Source material:

:::

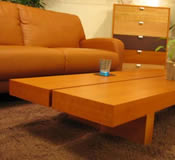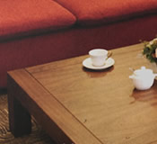 ソファにつけると肘のすぐ横に天板がくるので、ちょっとした飲み物などを置くのにぴったりです。 |
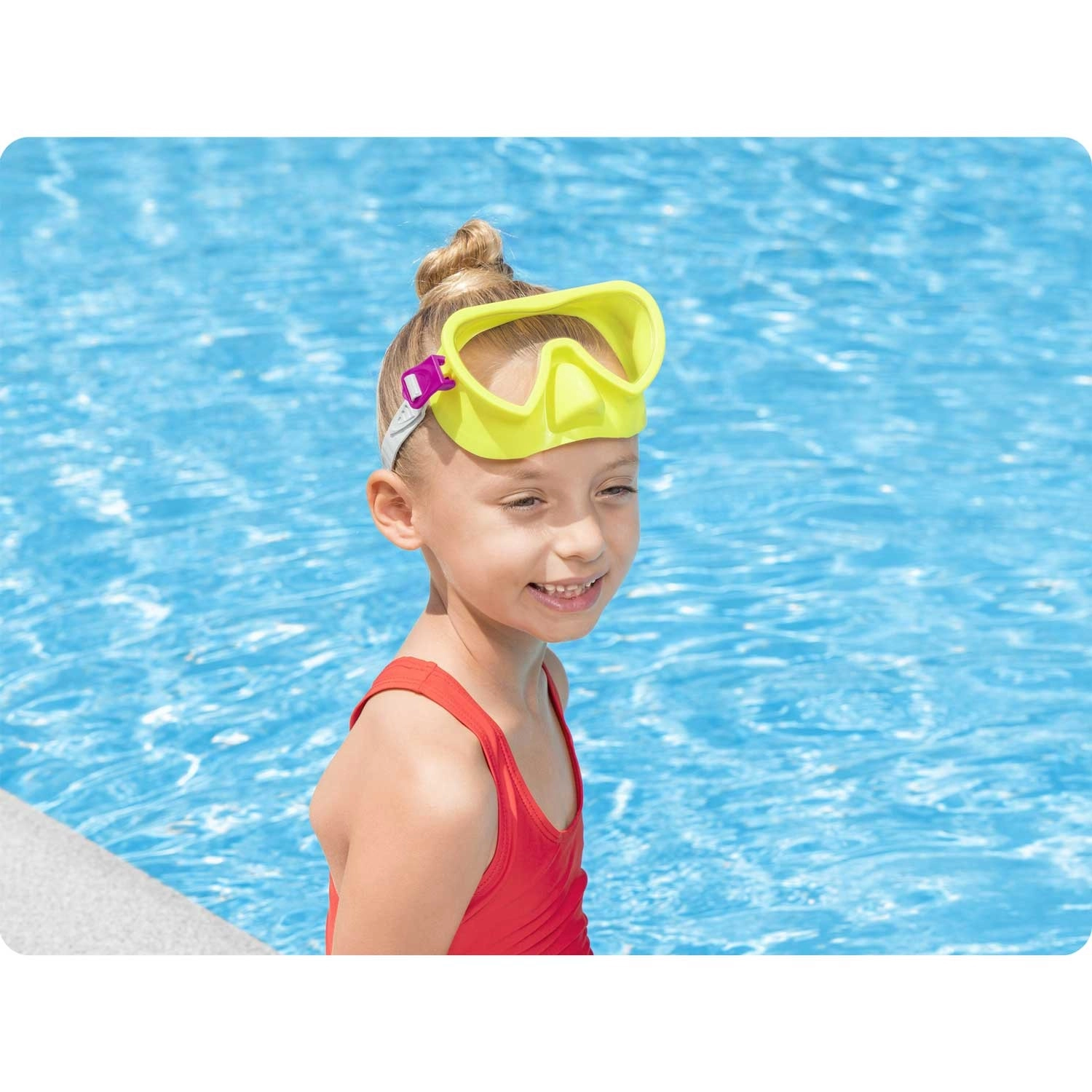 Uživajte u vodenim radostima s dječjom ronilačkom maskom Bestway u živopisnoj žutoj boji. Pruža široko vidno polje, udobno i čvrsto prianjanje na licu, a zahvaljujući podesivom remenu uvijek odlično stoji. Polikarbonatno staklo s UV zaštitom osigurava jasan pogled pod vodom i sigurnost za oči.
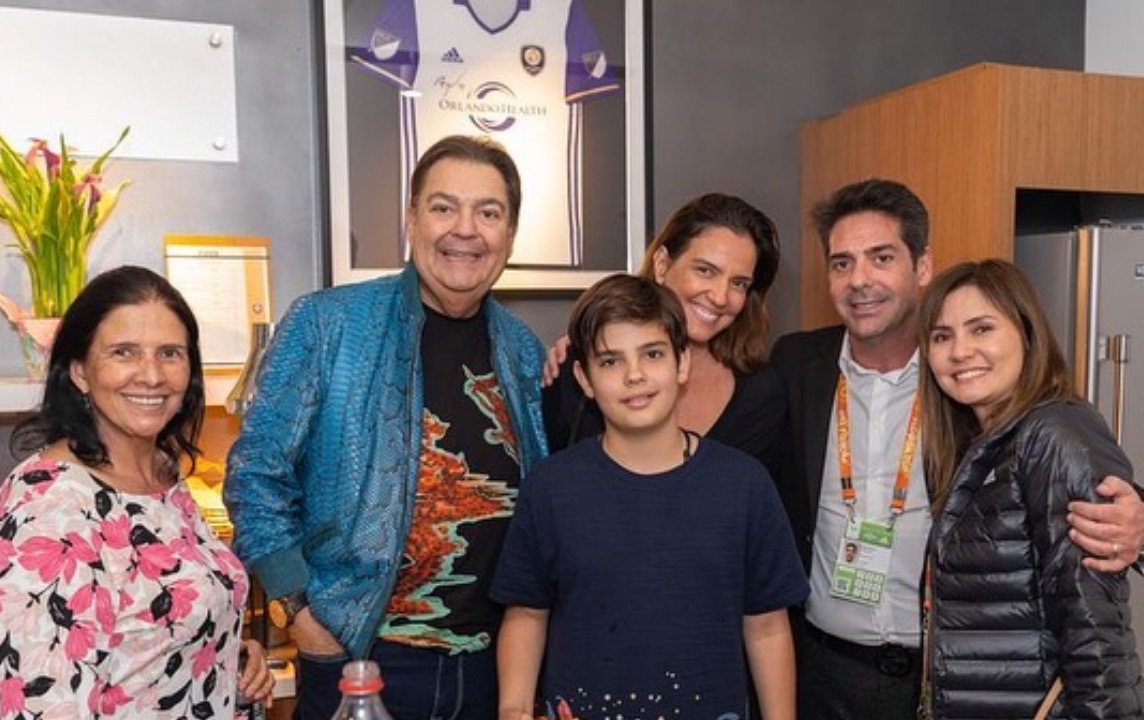 O apresentador Faustão foi com familiares aos Estados Unidos aproveitando alguns dias de folga. Ele e a esposa Luciana acompanharam o filho, Rodrigo, 11 anos, na partida final do Florida Cup.

:::

Exercise brief:
Without the pictures, repeat the listing exactly as it reads.

Answer to the exercise:
 ソファにつけると肘のすぐ横に天板がくるので、ちょっとした飲み物などを置くのにぴったりです。 |
 Uživajte u vodenim radostima s dječjom ronilačkom maskom Bestway u živopisnoj žutoj boji. Pruža široko vidno polje, udobno i čvrsto prianjanje na licu, a zahvaljujući podesivom remenu uvijek odlično stoji. Polikarbonatno staklo s UV zaštitom osigurava jasan pogled pod vodom i sigurnost za oči.
 O apresentador Faustão foi com familiares aos Estados Unidos aproveitando alguns dias de folga. Ele e a esposa Luciana acompanharam o filho, Rodrigo, 11 anos, na partida final do Florida Cup.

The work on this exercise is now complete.